Records from a collection

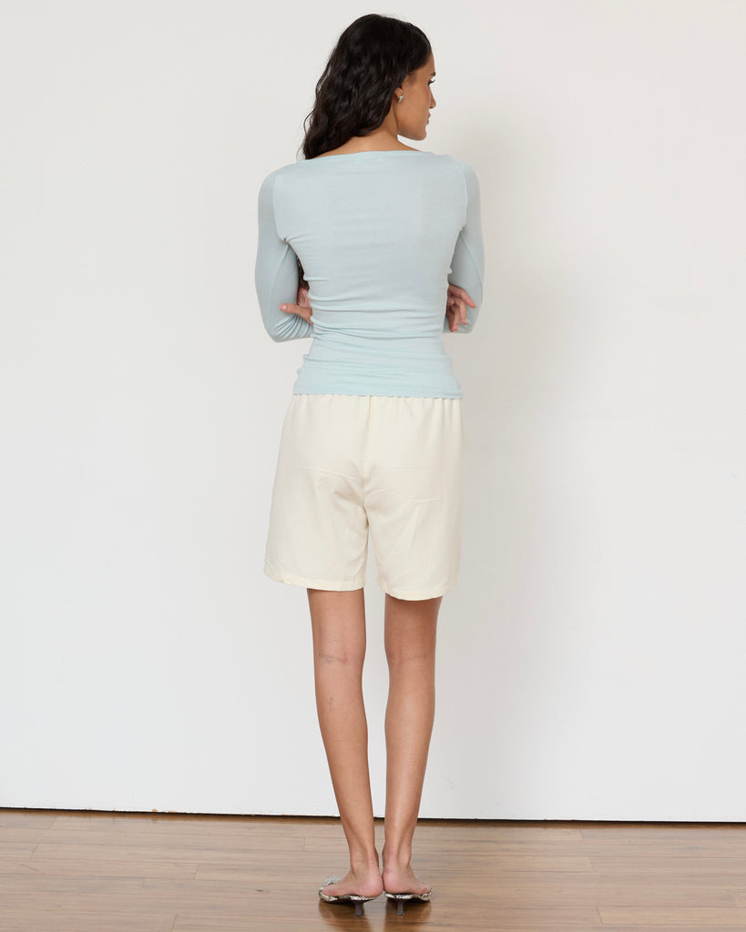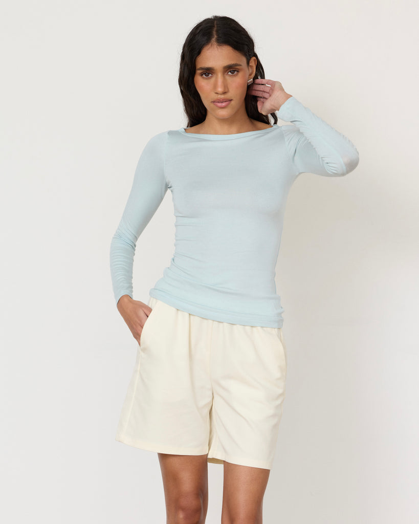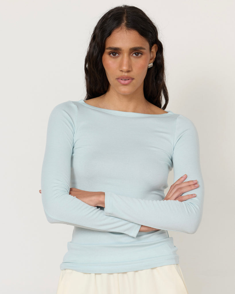 The Lane Boatneck Top is a study in quiet luxury. Crafted from a soft, lightweight knit that drapes effortlessly across the body, Lane features a wide neckline and a full length hemline designed to hit at the hip bone. Style with trousers for an elevated office look, with sweatpants for lounging or jeans for a casual daytime moment.
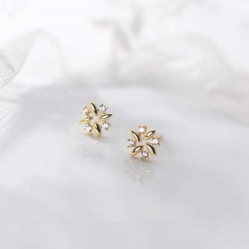 Серьги-гвоздики в стиле ветряной мельницы из стерлингового серебра S925 для женщин, изысканные и универсальные японские полые серьги с драгоценными камнями для нежных дам
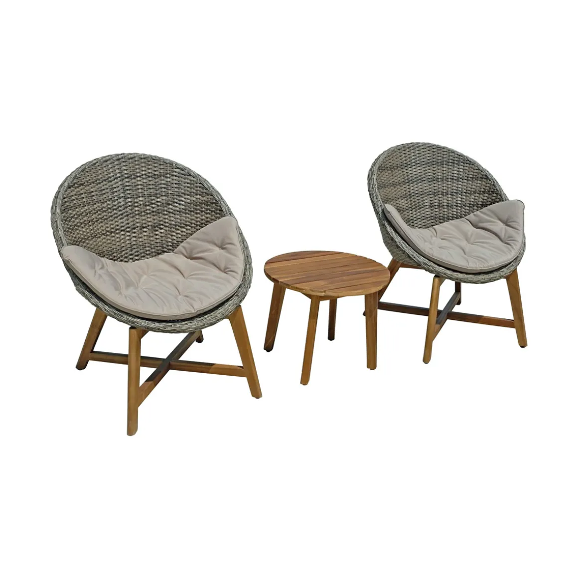 - Lieferumfang umfasst einen Beistelltisch, zwei Sessel mit Auflagen – alles perfekt abgestimmt
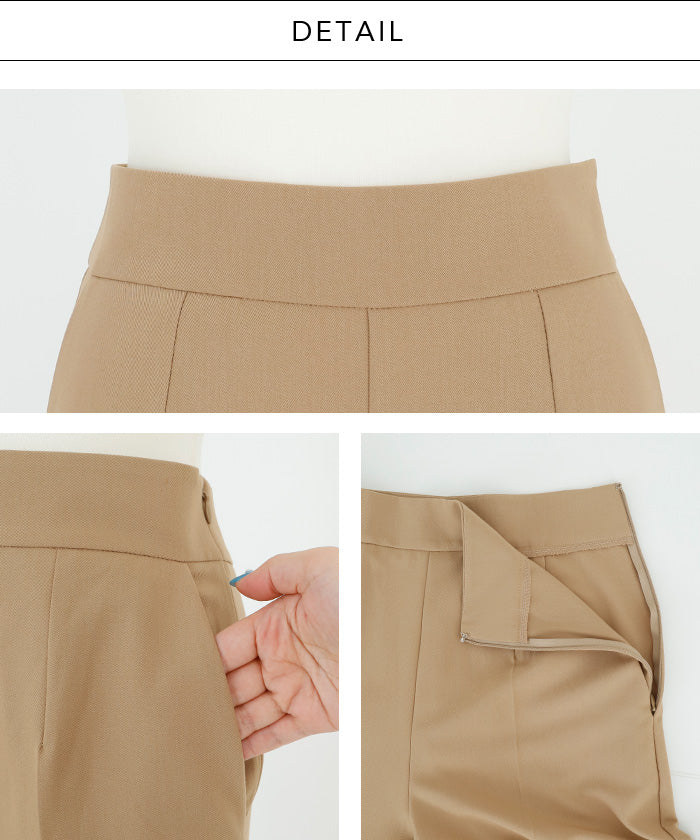 前後にダーツを施し、目立ちにくいサイドファスナーで腰回りをスッキリとさせ、AMBIENTらしい品のある佇まいに仕上げました。
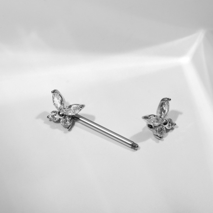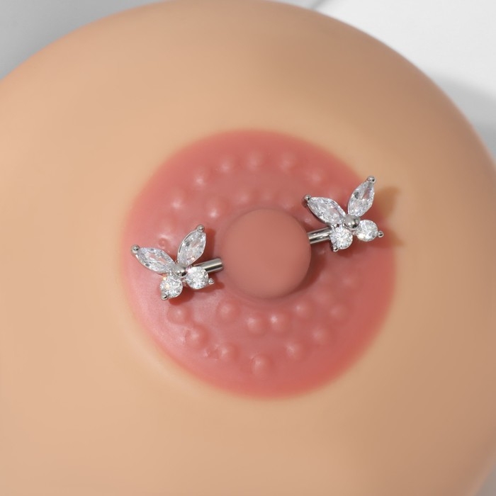 Пирсинг для груди «Бабочки», цвет белый в серебре
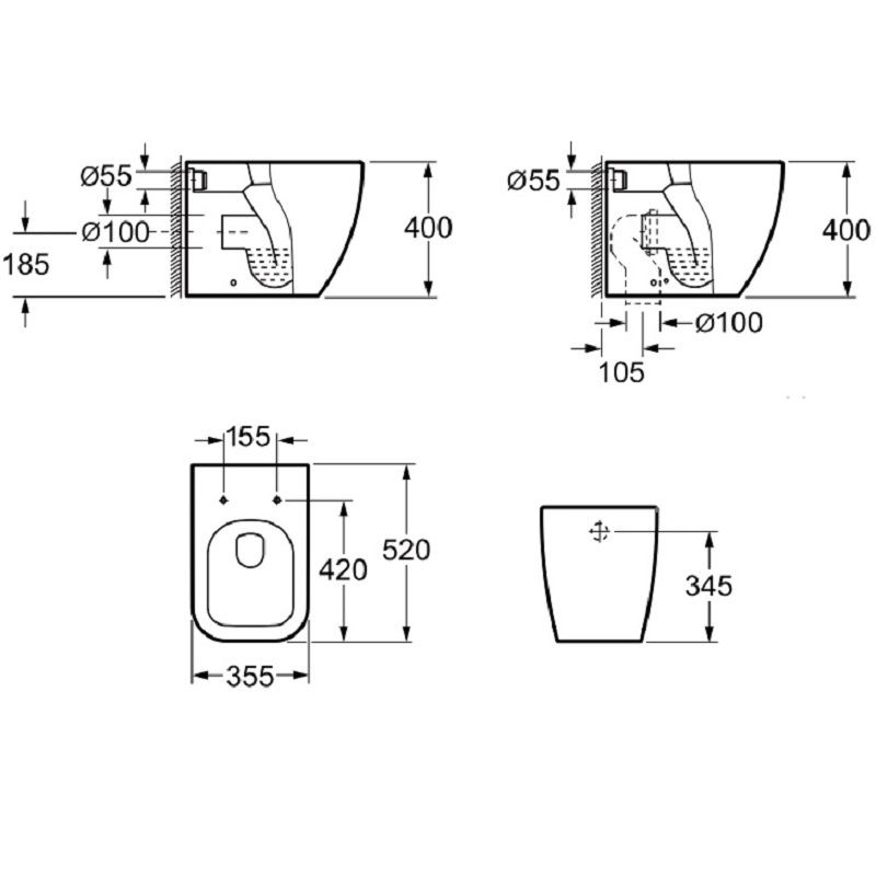 Прилегание унитаза к стене:вплотную

What is required:
What is needed is a verbatim copy of every entry, with the pictures omitted.

Response below:
 The Lane Boatneck Top is a study in quiet luxury. Crafted from a soft, lightweight knit that drapes effortlessly across the body, Lane features a wide neckline and a full length hemline designed to hit at the hip bone. Style with trousers for an elevated office look, with sweatpants for lounging or jeans for a casual daytime moment.
 Серьги-гвоздики в стиле ветряной мельницы из стерлингового серебра S925 для женщин, изысканные и универсальные японские полые серьги с драгоценными камнями для нежных дам
 - Lieferumfang umfasst einen Beistelltisch, zwei Sessel mit Auflagen – alles perfekt abgestimmt
 前後にダーツを施し、目立ちにくいサイドファスナーで腰回りをスッキリとさせ、AMBIENTらしい品のある佇まいに仕上げました。
 Пирсинг для груди «Бабочки», цвет белый в серебре
 Прилегание унитаза к стене:вплотную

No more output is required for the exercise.